◆ What is being asked ◆
From the records below, output exactly the lines starting at the line with "有名な既製の女性用レトロ刺繍入りラミーラペル シャツ ルーズ" and ending at the line with "2002 Maine Waterfowl", both of them included, but no pictures.

◆ Data supplied ◆
===

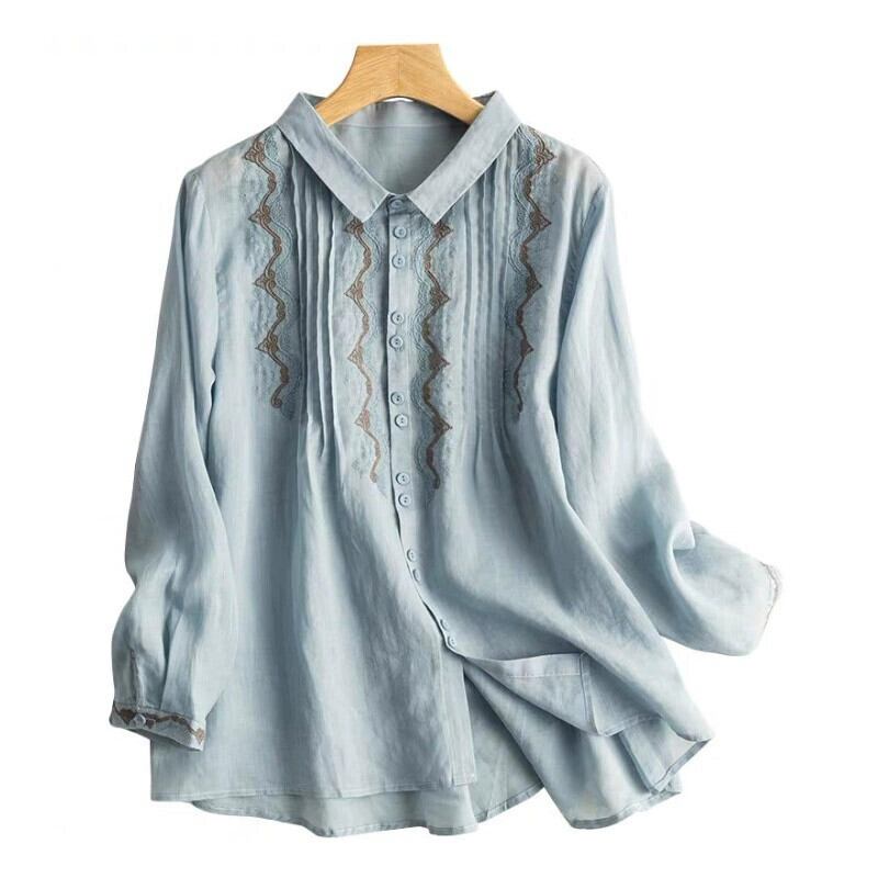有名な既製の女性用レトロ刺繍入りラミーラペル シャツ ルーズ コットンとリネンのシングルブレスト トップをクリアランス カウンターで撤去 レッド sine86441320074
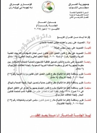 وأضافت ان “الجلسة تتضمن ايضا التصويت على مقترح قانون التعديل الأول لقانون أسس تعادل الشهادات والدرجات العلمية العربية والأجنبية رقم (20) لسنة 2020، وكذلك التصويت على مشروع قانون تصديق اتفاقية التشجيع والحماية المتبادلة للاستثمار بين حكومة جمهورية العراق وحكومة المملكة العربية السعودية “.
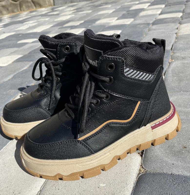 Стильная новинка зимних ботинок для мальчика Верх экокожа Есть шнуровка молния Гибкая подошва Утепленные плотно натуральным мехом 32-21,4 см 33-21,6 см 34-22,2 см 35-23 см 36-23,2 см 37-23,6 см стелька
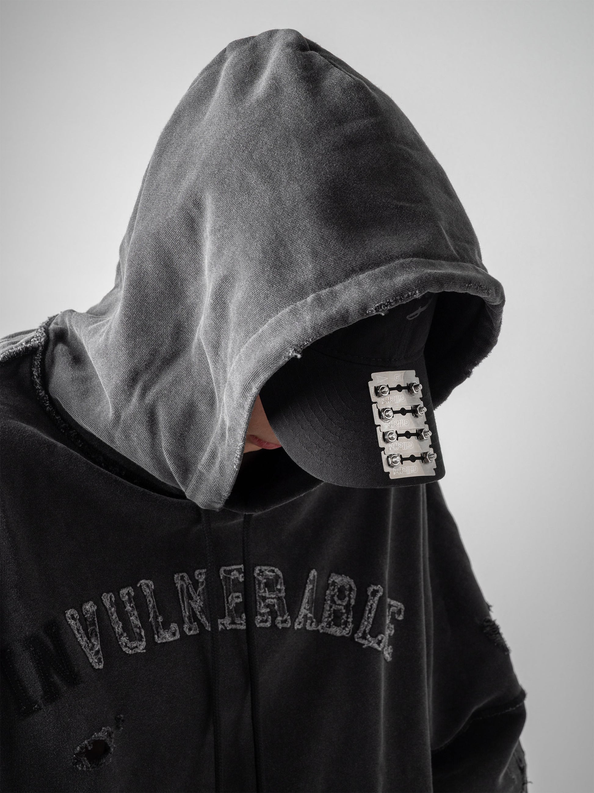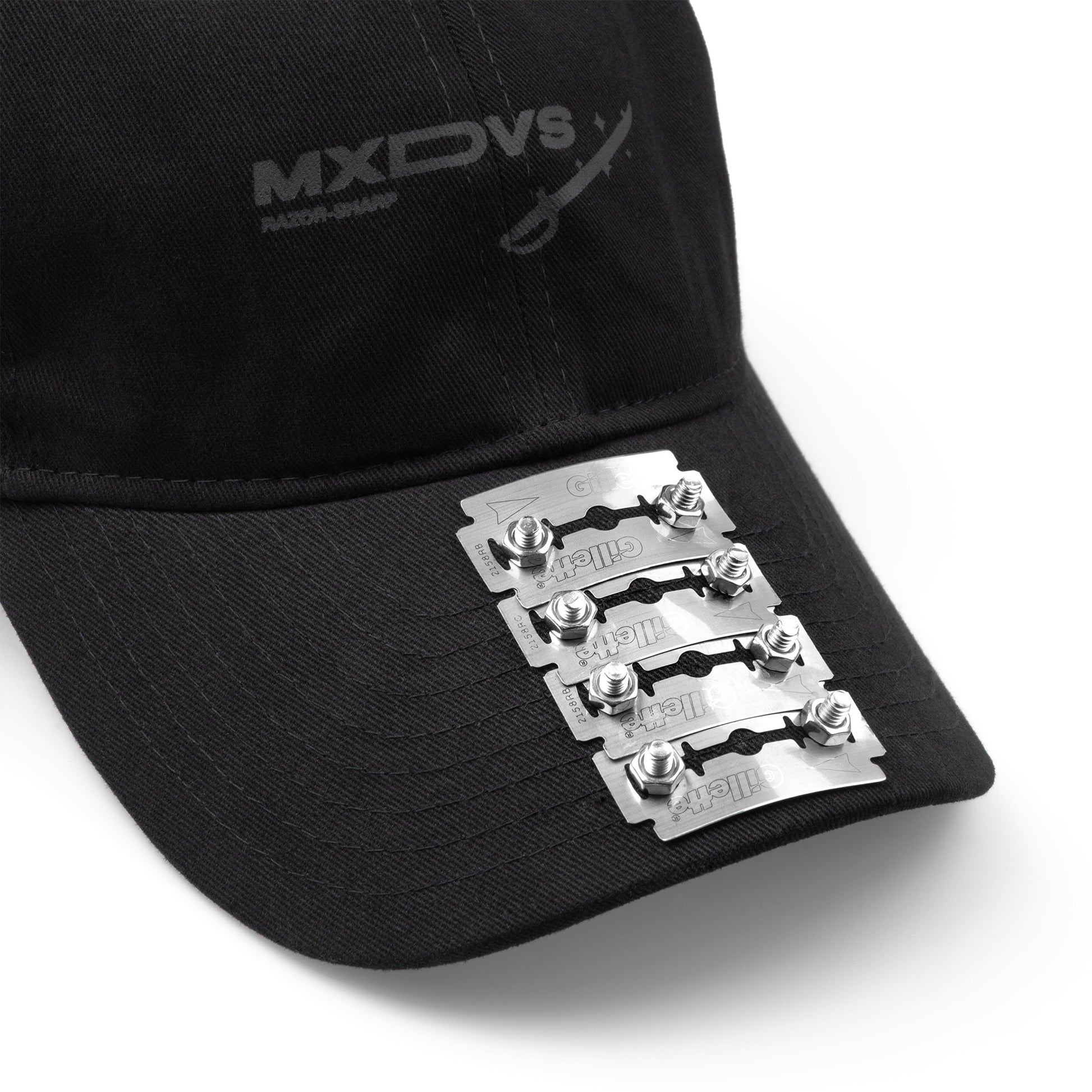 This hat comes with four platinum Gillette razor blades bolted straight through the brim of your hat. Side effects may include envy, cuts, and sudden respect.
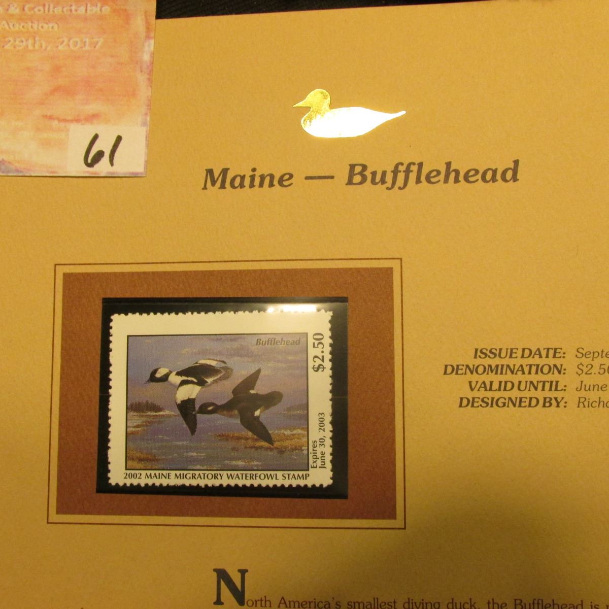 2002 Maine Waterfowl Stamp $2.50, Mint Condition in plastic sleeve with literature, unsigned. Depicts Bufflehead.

===

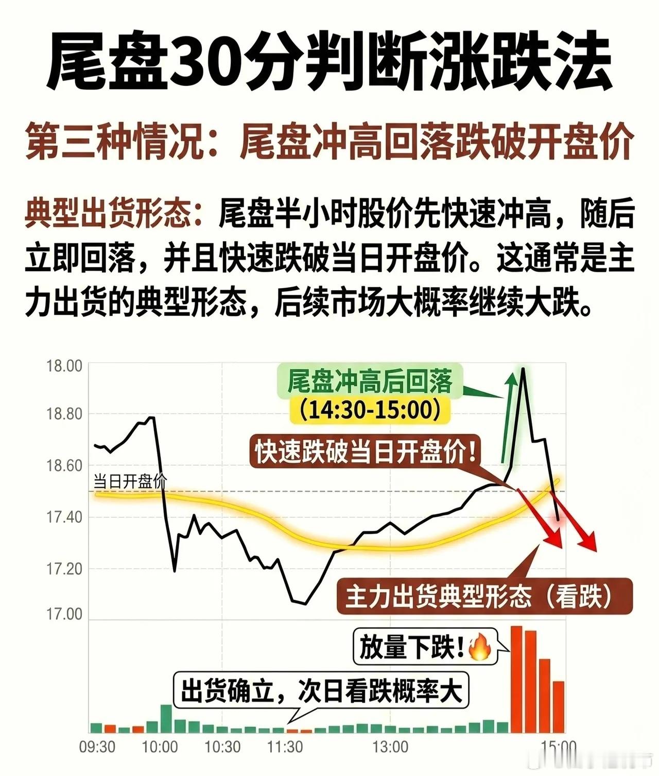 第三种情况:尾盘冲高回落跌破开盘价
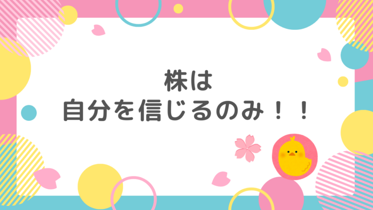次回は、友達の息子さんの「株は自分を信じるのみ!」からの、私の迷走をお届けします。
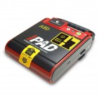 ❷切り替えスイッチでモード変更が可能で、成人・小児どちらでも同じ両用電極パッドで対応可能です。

===

◆ Response area ◆
有名な既製の女性用レトロ刺繍入りラミーラペル シャツ ルーズ コットンとリネンのシングルブレスト トップをクリアランス カウンターで撤去 レッド sine86441320074
 وأضافت ان “الجلسة تتضمن ايضا التصويت على مقترح قانون التعديل الأول لقانون أسس تعادل الشهادات والدرجات العلمية العربية والأجنبية رقم (20) لسنة 2020، وكذلك التصويت على مشروع قانون تصديق اتفاقية التشجيع والحماية المتبادلة للاستثمار بين حكومة جمهورية العراق وحكومة المملكة العربية السعودية “.
 Стильная новинка зимних ботинок для мальчика Верх экокожа Есть шнуровка молния Гибкая подошва Утепленные плотно натуральным мехом 32-21,4 см 33-21,6 см 34-22,2 см 35-23 см 36-23,2 см 37-23,6 см стелька
 This hat comes with four platinum Gillette razor blades bolted straight through the brim of your hat. Side effects may include envy, cuts, and sudden respect.
 2002 Maine Waterfowl Stamp $2.50, Mint Condition in plastic sleeve with literature, unsigned. Depicts Bufflehead.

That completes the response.